DATA SEGMENT:
══════

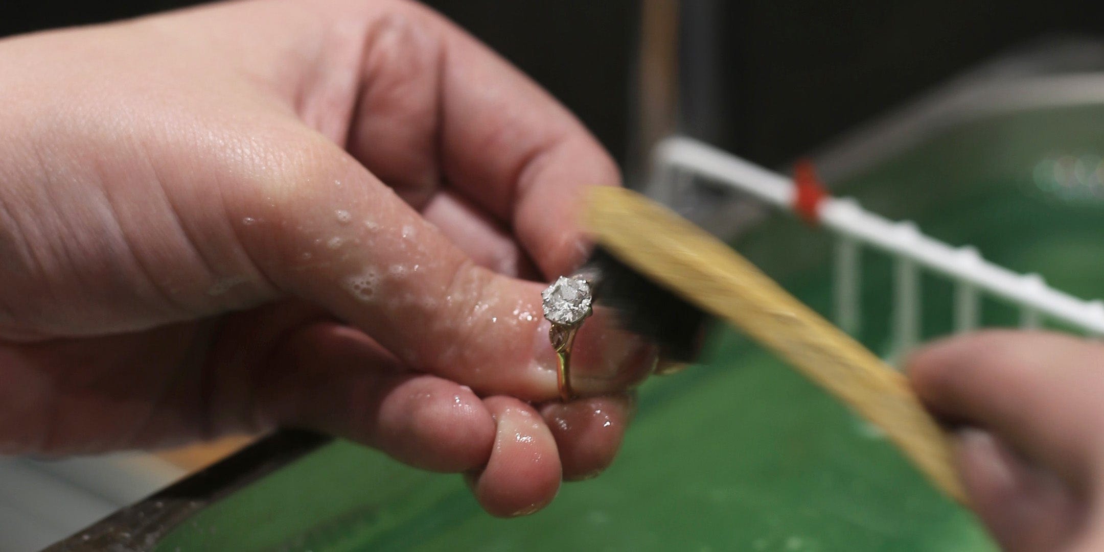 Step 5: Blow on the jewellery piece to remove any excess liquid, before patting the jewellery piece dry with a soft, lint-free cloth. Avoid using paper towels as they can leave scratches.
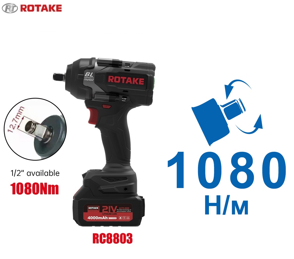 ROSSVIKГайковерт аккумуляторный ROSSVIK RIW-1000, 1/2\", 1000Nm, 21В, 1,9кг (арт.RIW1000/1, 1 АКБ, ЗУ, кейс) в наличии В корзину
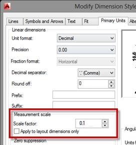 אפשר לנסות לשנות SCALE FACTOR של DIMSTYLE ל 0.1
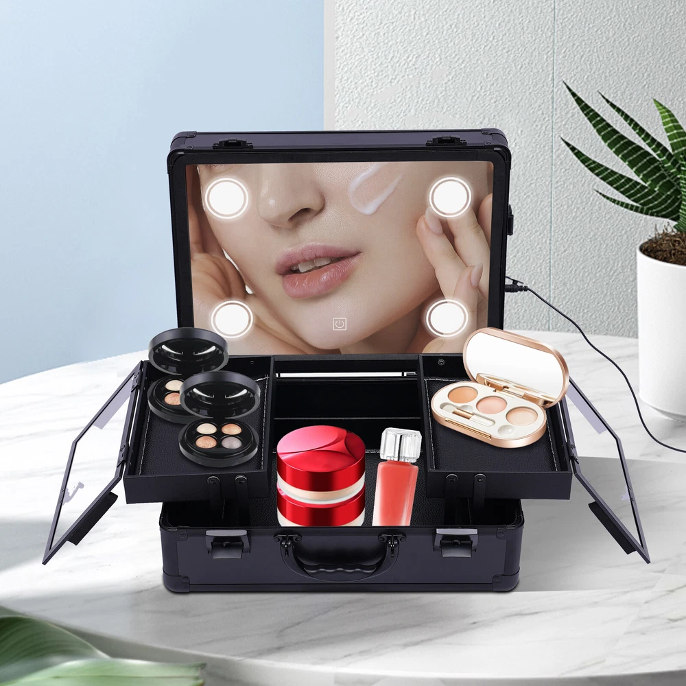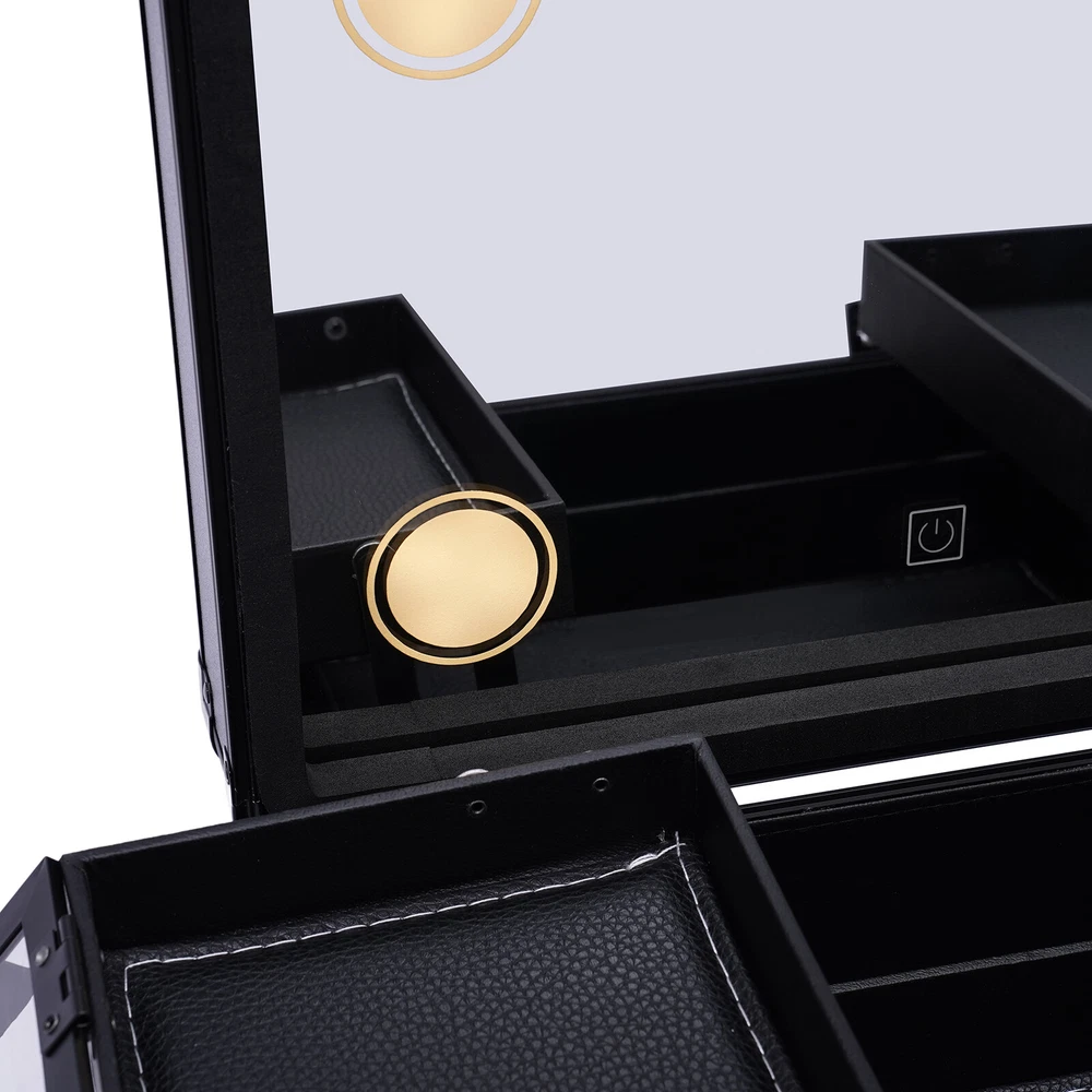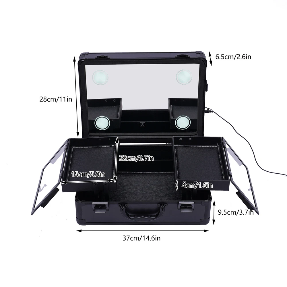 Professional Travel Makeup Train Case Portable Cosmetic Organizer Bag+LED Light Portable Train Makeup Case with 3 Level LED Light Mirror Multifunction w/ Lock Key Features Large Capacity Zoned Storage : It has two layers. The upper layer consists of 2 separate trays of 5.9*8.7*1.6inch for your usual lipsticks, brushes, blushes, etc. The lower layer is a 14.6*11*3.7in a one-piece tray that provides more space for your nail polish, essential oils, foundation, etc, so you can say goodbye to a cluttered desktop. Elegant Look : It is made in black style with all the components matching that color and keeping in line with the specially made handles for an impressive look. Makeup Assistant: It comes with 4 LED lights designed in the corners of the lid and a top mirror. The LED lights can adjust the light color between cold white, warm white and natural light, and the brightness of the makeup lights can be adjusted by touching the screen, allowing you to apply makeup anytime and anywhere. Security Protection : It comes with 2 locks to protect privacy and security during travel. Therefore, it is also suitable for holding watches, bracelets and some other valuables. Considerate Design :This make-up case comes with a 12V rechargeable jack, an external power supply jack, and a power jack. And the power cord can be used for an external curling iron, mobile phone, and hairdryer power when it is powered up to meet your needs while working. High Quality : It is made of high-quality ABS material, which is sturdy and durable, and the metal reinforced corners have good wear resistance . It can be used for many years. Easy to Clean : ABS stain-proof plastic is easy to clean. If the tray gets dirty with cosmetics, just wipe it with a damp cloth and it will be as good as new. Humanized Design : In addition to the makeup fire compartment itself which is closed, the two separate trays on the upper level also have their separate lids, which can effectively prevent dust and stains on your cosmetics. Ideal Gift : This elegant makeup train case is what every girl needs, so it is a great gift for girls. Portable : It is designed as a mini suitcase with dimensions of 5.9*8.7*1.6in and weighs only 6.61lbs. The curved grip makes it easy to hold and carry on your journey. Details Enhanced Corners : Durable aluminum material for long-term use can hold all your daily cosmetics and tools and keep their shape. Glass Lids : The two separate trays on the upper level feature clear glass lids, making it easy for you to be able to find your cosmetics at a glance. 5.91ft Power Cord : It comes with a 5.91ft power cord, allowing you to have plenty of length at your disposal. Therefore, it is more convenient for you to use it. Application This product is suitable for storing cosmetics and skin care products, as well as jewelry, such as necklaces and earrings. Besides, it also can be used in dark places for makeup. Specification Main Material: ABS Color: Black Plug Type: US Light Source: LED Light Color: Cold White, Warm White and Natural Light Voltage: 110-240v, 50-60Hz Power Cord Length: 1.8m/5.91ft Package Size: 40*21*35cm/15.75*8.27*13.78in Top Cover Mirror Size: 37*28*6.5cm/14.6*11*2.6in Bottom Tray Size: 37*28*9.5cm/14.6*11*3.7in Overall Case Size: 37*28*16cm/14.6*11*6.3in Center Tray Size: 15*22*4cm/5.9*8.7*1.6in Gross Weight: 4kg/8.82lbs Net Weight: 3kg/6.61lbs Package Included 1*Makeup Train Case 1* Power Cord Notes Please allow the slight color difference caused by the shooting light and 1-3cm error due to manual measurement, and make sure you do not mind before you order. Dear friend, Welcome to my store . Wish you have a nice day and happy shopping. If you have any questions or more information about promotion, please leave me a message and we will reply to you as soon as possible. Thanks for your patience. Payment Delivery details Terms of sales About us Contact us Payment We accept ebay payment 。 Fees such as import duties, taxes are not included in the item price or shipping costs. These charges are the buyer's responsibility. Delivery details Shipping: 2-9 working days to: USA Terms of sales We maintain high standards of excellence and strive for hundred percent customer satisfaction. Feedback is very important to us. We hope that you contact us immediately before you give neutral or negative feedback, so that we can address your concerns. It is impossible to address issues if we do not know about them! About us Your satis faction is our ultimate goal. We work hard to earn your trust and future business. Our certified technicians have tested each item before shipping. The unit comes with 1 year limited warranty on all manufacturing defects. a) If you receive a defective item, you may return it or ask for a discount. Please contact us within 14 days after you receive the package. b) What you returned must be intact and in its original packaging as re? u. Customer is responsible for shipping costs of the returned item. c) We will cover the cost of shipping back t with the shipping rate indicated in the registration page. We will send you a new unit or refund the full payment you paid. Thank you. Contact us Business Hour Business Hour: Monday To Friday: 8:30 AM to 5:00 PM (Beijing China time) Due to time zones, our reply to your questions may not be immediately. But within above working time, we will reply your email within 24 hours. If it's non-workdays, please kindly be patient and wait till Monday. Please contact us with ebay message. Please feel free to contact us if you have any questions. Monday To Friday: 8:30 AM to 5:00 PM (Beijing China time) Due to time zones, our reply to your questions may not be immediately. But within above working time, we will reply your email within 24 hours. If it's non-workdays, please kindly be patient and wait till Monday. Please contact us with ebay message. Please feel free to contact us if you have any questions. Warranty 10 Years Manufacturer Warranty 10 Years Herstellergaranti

══════

Return exactly the lines of the material above, starting at the line containing "ROSSVIKГайковерт аккумуляторный ROSSVIK" and finishing at the line containing "אפשר לנסות לשנות", without any pictures.

EXERCISE RESULT:
 ROSSVIKГайковерт аккумуляторный ROSSVIK RIW-1000, 1/2\", 1000Nm, 21В, 1,9кг (арт.RIW1000/1, 1 АКБ, ЗУ, кейс) в наличии В корзину
 אפשר לנסות לשנות SCALE FACTOR של DIMSTYLE ל 0.1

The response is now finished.